3.1 Logical Equivalence (A)
Let us consider the following query to be the canonical version of the existential query
SELECT <cols/expressions>
FROM a
WHERE <expression1> IN
(
SELECT <expression2>
FROM b)
It is obvious that this is equivalent to performing a semi-join with A as the data source to the join and B as the filtering source where the matching condition is <expression1> = <expression2>. This is what Presto does today.
We posit that this is equivalent to the following rewrite to an inner join
SELECT DISTINCT id,
sq1.<cols/expressions>
FROM (
SELECT uuid() AS id,
<cols/expressions>,
<expression1>
FROM a) sq1,
(
SELECT <expression2>
FROM b) sq2
WHERE sq1.<expression1> = sq2.<expression2;
We previously discussed that the semi-join ignores duplicates from the filtering source (B) and just performs a check for existence for each element in A in the result set of B. In the above rewrite the join is transformed to an inner join where all matching rows in A and B are produced from the join (1:N join). However, notice the following conditions A unique id is appended to each row of A The output contains only elements from A (uncorrelated subquery) We perform a final distinct aggregation on the result of the join
From these conditions, the following conclusions may be inferred Rows in A that do not match any row in B on the expressions will not appear in the output - from the definition of inner join. For every row of A that has more than one match in B, the output will have the same value for the “id” column. Since the output columns are a strict subset of the columns in A, the distinct aggregation is guaranteed to remove all rows in A that have the same value for id, but also retains rows from A that are duplicates otherwise.
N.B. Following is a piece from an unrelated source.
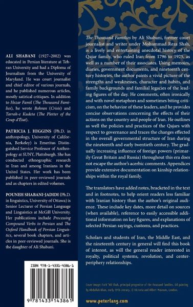 The Thousand Families by Ali Shabani, former court journalist and writer under Mohammad Reza Shah, is a lively and entertaining anecdotal history of the Qajar family, who ruled Iran from 1796 to 1925, as well as a number of their associates. Using memoirs, diaries, government documents, and nineteenth century histories, the author paints a vivid picture of the strengths and weaknesses, character and habits, and family backgrounds and familial legacies of the leading figures of the day. He comments, often ironically and with novel metaphors and sometimes biting criticism, on the behavior of these leaders, and he provides concise observations concerning the effects of their actions on the country and people of Iran. He outlines as well the policies and practices of the Qajars with respect to governance and traces the changes effected in the overall governmental structure of Iran during the nineteenth and early twentieth century. The gradually increasing influence of foreign powers (primarily Great Britain and Russia) throughout this era does not escape the author's acerbic comments. Appendices provide extensive documentation on kinship relationships within the royal family.

An additional nuance here is that nulls are never considered equivalent (i.e. NULL != NULL) and nulls never match any other value. Therefore rows for which <expression1> in A or <expression2> in B evaluate to NULL will never appear in the join output for either join.
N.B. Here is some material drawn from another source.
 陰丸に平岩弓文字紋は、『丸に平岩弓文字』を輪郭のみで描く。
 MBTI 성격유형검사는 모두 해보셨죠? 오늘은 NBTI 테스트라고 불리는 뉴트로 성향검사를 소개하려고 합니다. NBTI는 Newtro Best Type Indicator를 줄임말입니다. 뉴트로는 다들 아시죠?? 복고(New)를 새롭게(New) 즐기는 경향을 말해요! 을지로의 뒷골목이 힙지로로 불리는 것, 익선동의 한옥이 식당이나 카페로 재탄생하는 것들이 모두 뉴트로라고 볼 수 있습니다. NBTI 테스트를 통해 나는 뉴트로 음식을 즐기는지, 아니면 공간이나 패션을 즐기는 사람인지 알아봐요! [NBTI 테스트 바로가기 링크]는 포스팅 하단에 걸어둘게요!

Conclusions (a-d) show that the rewritten query satisfies the semantics of the existential query and is therefore logically equivalent.
3.2 Logical Equivalence (B)
There is another rewrite that is also equivalent to the canonical version of the existential query
SELECT sq1.<cols/expressions>
FROM (
SELECT <cols/expressions>,
<expression1>
FROM a) sq1,
(
SELECT DISTINCT <expression2>
FROM b) sq2
WHERE sq1.<expression1> = sq2.<expression2;
This rewrite filters out duplicate values of b.<expression2> before the join. Therefore the inner join can only match each row in A with one value from B. This is trivially equivalent to the definition of the existential subquery.
3.3 Logical Equivalence ©
For completeness we will also include the third equivalent rewrite of the existential subquery - as a semi-join. This is what Presto does today. (Not quite sql syntax)
SELECT sq1.<cols/expressions>
FROM a SEMIJOIN b
WHERE a.<expression1> = b.<expression2;
3.4 The Whole Picture
The previous tpch-example illustrated one instance in which a rewrite of the form 3.1 may be beneficial to query performance. In this section we will describe various cases where each of the logically equivalent rewrites may be beneficial. We will also contrast our proposal with an alternate approach from Trino that attempts to mitigate the same problem and show how our proposal is better.
Queries involving semi-joins may exhibit variable performance metrics depending on the size of the join inputs and/or the data distribution of the join inputs. Let us enumerate the possible cases that could impact performance here. These mostly have to do with the size of the filtering source join input B, and whether the join significantly reduces cardinality of the output result set.
Case 1: B is smaller than A (Left Early Out Join)
If the input from the filtering source is smaller, we would like to pick that as the build side of the join. In this case it is always better to use a semi-join (rewrite 3.3). Choosing a semi-join here avoids the overhead of additional aggregations and there is no need to reorder the join inputs.
Case 2: B is larger than A (Right Early Out Join)
In this case it is desirable to use A as the build input to the join. Therefore we would like to rewrite this query as an inner join (either 3.1 or 3.2). The difference between these rewrites is that in 3.1 we eliminate duplicate matches on the filtering source (B) after the inner join by performing a distinct aggregation, while in 3.2 we prevent duplicate matches by eliminating duplicates in the filtering source (B) before the join.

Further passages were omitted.